In Asia’s high-tech country, the market power of the People’s Republic is becoming apparent – with potentially global repercussions.
South Korea is one of the most important locations for the global high-tech industry, from car production to the manufacturing of state-of-the-art computer chips. At the same time, the country possesses hardly any mineral resources and is dependent on the import of raw materials. This dependence is growing, as reported by The Korea Economic Daily. This involves not only battery metals such as lithium or cobalt, but also the noble gases neon, krypton, and xenon, needed for chip production. These gases are sourced from China. Background to the increased imports from the People’s Republic is the war between Russia and Ukraine, both important producers of the gases, according to the newspaper. Even small disruptions in supply could severely affect the South Korean semiconductor industry and thus the global supply. The country is the leader in memory chips, with a market share of nearly 57 percent (2020).

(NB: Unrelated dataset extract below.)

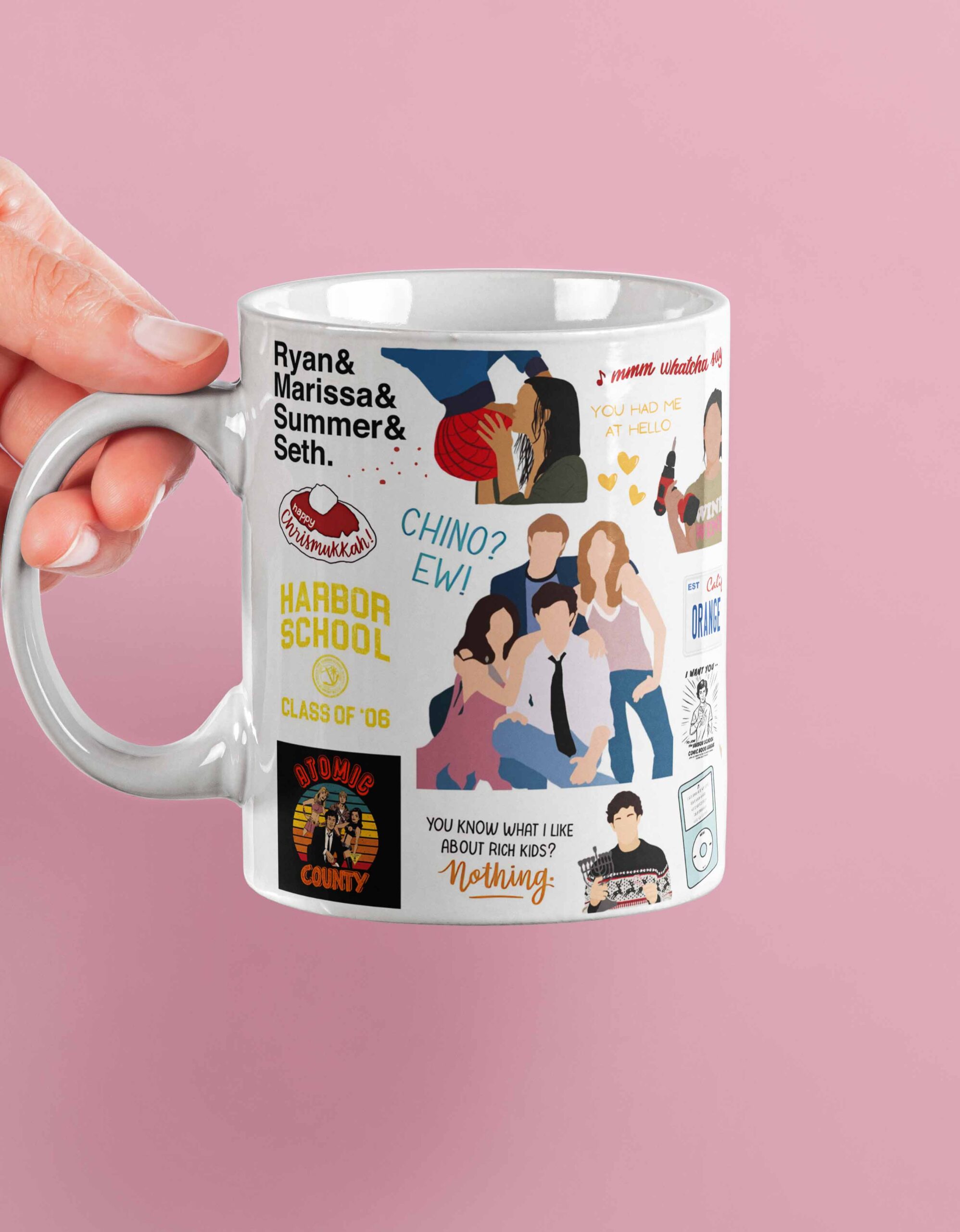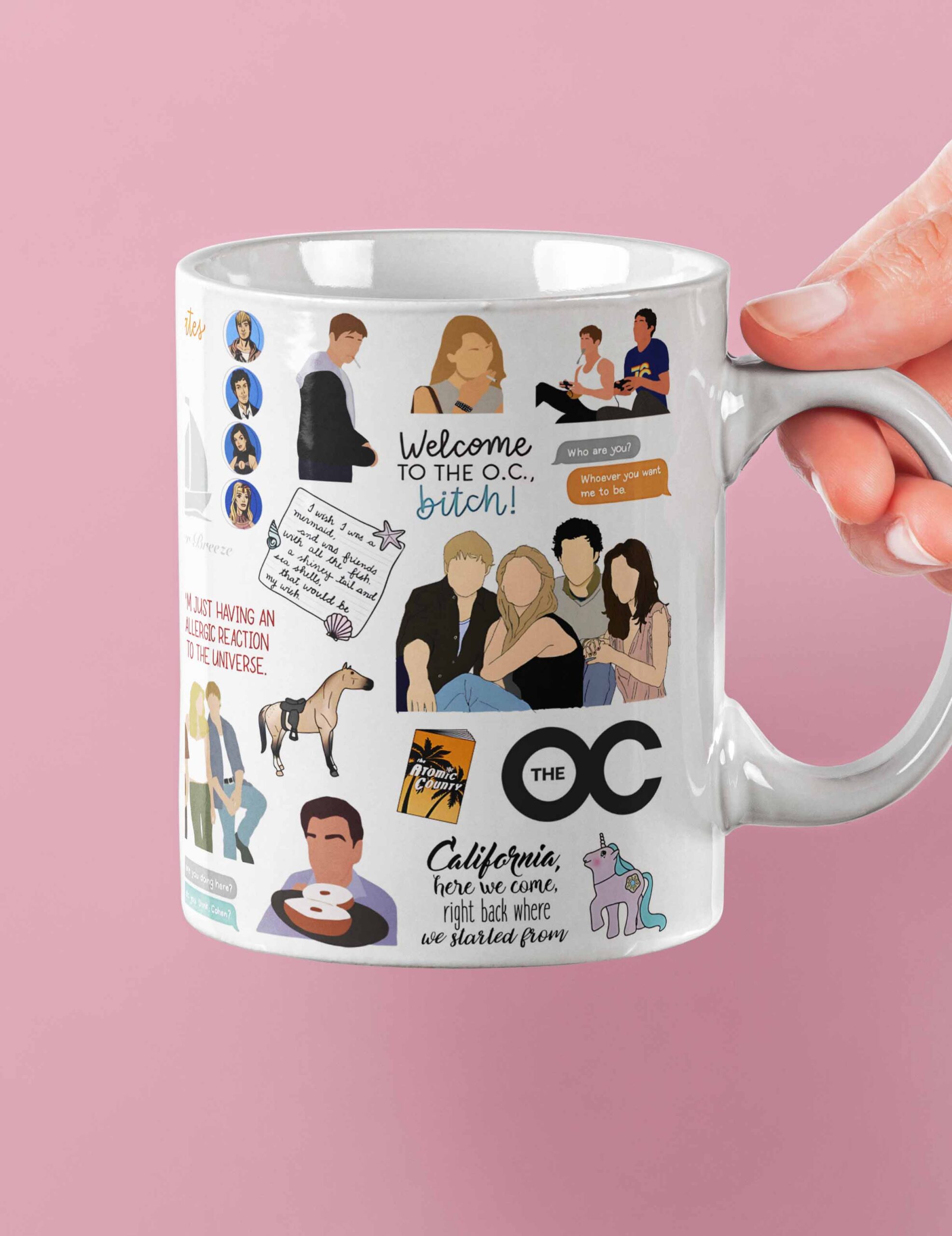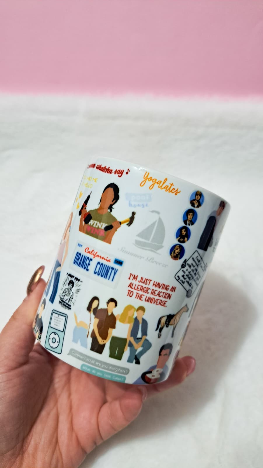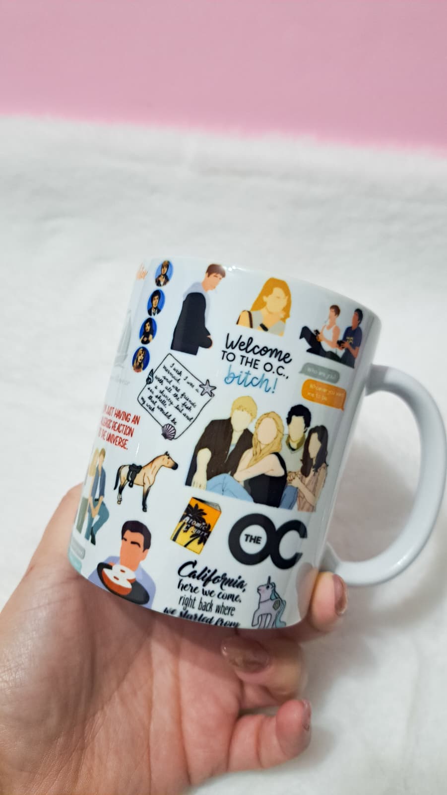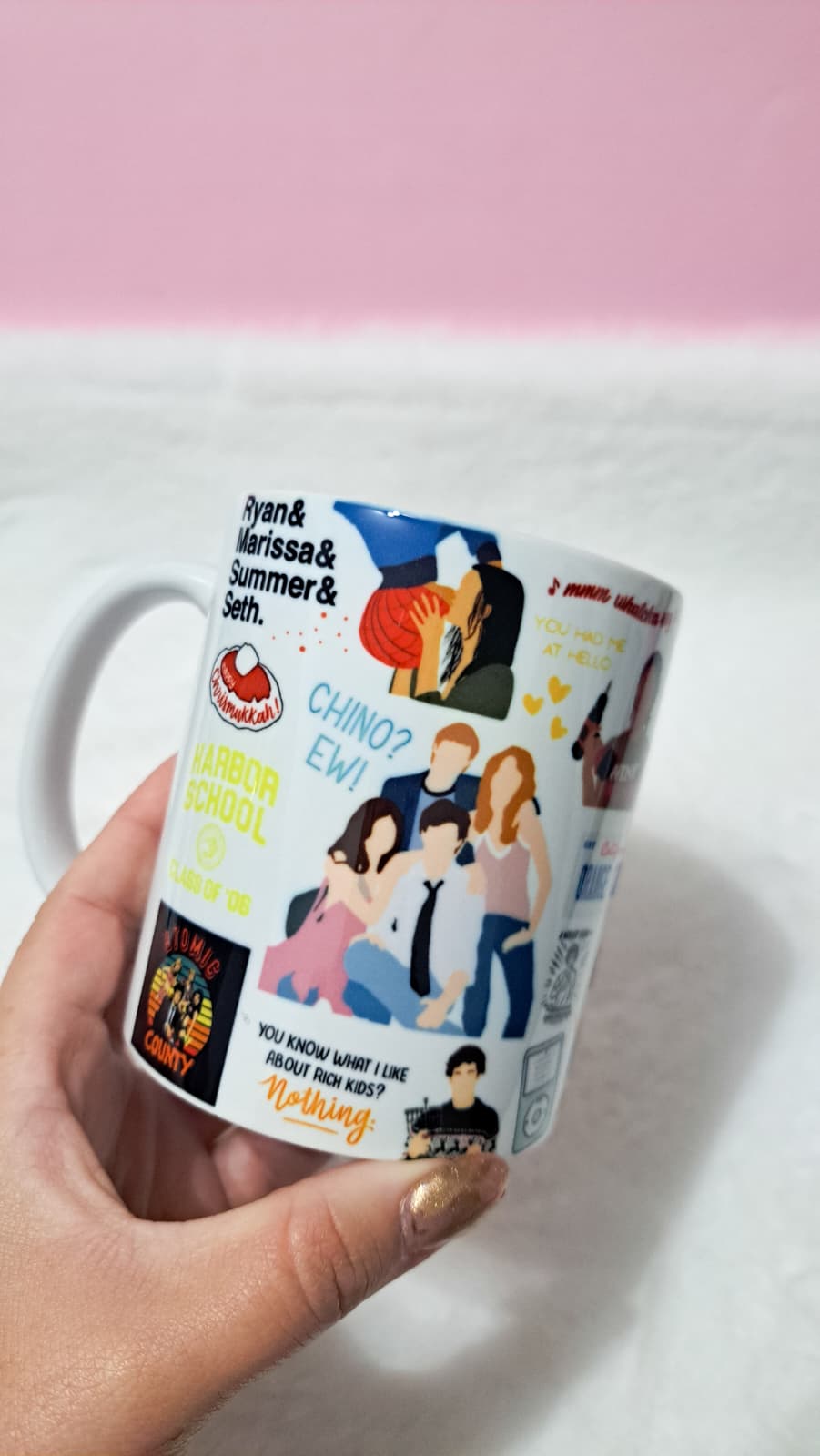 Inspirada no universo icônico de The O.C., esta caneca é perfeita para quem ama drama, romance e aquela vibe inesquecível da Califórnia. Com referências a personagens marcantes como Ryan Atwood, Seth Cohen, Marissa Cooper e Summer Roberts, ela é ideal para acompanhar seu café enquanto você relembra momentos que marcaram uma geração.

Experts do not expect China to stop exporting neon, krypton, or xenon or even use them as a means of exerting pressure, but export restrictions like those on gallium and germanium are possible. The situation is exacerbated by what the German Federal Institute for Geosciences and Natural Resources says is the opaque market situation for noble gases. This year, the federal agency presented a study on the supply situation for helium, which also belongs to this group of elements, and reported on bottlenecks that are flying largely under the media radar despite their potential impact.